Minority class augmentation using GANs to improve the detection of anomalies in critical operations
Conferences
Overview
Research
Identity
Additional Document Info
View All
Overview
abstract
With the ever-increasing adoption of interconnected technologies and rapid digitization observed in modern-day life, many online networks and applications face constant threats to the security and integrity of their operations or services. For example, fraudsters and malicious entities are continuously evolving their techniques and approaches to bypass current measures in place to prevent financial fraud, vandalism in online knowledge bases and social networks like Wikipedia, and malicious cyber-attacks. As such, many of the supervised models proposed to detect these malicious actions face degradations in detection performance and are rendered obsolete over time. Furthermore, fraudulent or anomalous data representing these attacks are often scarce or very difficult to access, which further restricts the performance of supervised models. Generative adversarial networks (GANs) are a relatively new class of generative models that rely on unsupervised learning. Moreover, they have proven to effectively replicate the distributions of real data provided to them.

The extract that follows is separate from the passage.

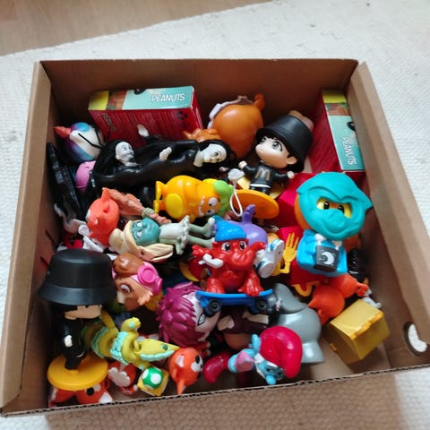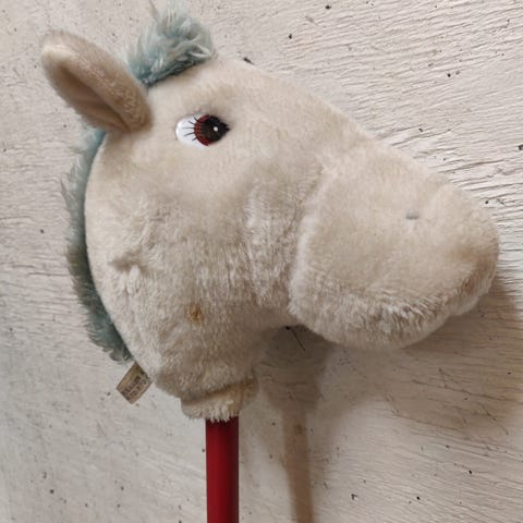 Soiva keppihevonen, meikauspää, Minni Hiiri -laukku ja muutamat pehmolelut.

These models can generate synthetic data with a degree of quality such that their resemblance to real data is almost indistinguishable, as demonstrated in image and video applications – like with the rise of DeepFakes. Based on the success of GANs in applications involving image-based data, this study examines the performance of several different GAN architectures as an oversampling technique to address the data imbalance issue in credit card fraud data. A comparative analysis is presented in this paper of different types of GANs used to fabricate training data for a classification model, and their impact on the performance of said classifier. Furthermore, we demonstrate that it is possible to achieve greater detection performance using GANs as an oversampling approach in imbalanced data problems.